O limite

O famoso complexo de cidades-estado chamado, na Bíblia, de Sodoma e Gomorra foi destruído por Deus por causa da injustiça social

Palácio da Alvorada
Palácio da Alvorada (Foto: EBC)

O famoso complexo de cidades-estado chamado, na Bíblia, de Sodoma e Gomorra foi destruído por Deus por causa da injustiça social.

“Eis que esta foi a iniqüidade de Sodoma, tua irmã: soberba, fartura de pão e próspera tranqüilidade teve ela e suas filhas; mas nunca amparou o pobre e o necessitado.” Ez 16.49

O nível de injustiça social era tal que ameaçava resvalar no projeto divino de redenção, então, perderam o direito de continuar na história.

Era a opressão imperial que exerciam sobre as nações vassalas, externamente, e aos escravizados, internamente.

Semelhante ao que, ora, faz o capitalismo internacional, na sua campanha de avassalar nações e trabalhadores.

Há semelhança, também, ao que o governo dos EUA está a fazer com os Curdos, na Síria, com os quais se comprometeram, ao se retirar, condenando-os a possível genocídio.

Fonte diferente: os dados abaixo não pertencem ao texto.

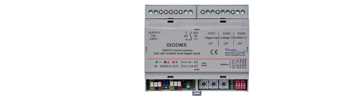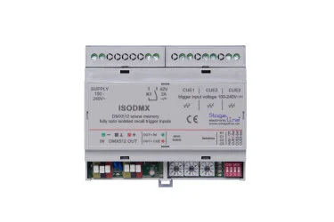 Das ISODMX kann bis zu drei DMX512 Szenen speichern und auf Anforderung durch den jeweiligen Triggereingang in eine DMX512 Linie „mergen“ oder exklusiv einbinden. Die Ansteuerung kann durch den Lichtschalter, Lichttaster oder z.B. einem Infrarot-Bewegungsmelder erfolgen. Die Triggereingänge sind untereinander und von der Schaltung vollständig elektrisch isoliert. Die anzulegende Steuerspannung darf zwischen 100V und 240V~/= betragen. Eine Kleinspannungsversion ist ebenfalls lieferbar.

Semelhante ao que está, também, a fazer para se tornar suserano das nações da América Latina, avassalando-as à geopolítica estadunidense.

Políticas e sistemas, assim, são irmãs de Sodoma e perdem o direito de continuar na história.

O atual governo brasileiro, por sua vez, nos enquadra no crime de Jericó que perdeu o direito de continuar na história por prática de extrema crueldade contra o seu próprio povo.

Não bastasse a continuidade da crueldade do governo Temer, que congelou investimentos e destruiu os direitos dos trabalhadores; continuou a entrega dos ativos brasileiros, em especial o pré-sal e a Petrobras; começou o desmonte do sistema educacional; o envenenamento por meio de agrotóxicos; o fim da aposentadoria por tempo de serviço; o desmonte do SUS; desmonte do Minha Casa, Minha Vida; o ataque aos povos originários e quilombolas; a destruição das florestas, com especial ênfase na amazônica; e para salientar o desfile de atrocidades temos a pratica de tortura a presos e presas no Pará, com a anuência de quem deveria condenar tal brutalidade.

Um governo, assim, perde o direito de continuar na história, e, se este estado de coisas não mudar, o próprio país correrá o risco de solução de continuidade.

Temos de imitar o povo equatoriano para que possamos escrever uma história revolucionária e permanente.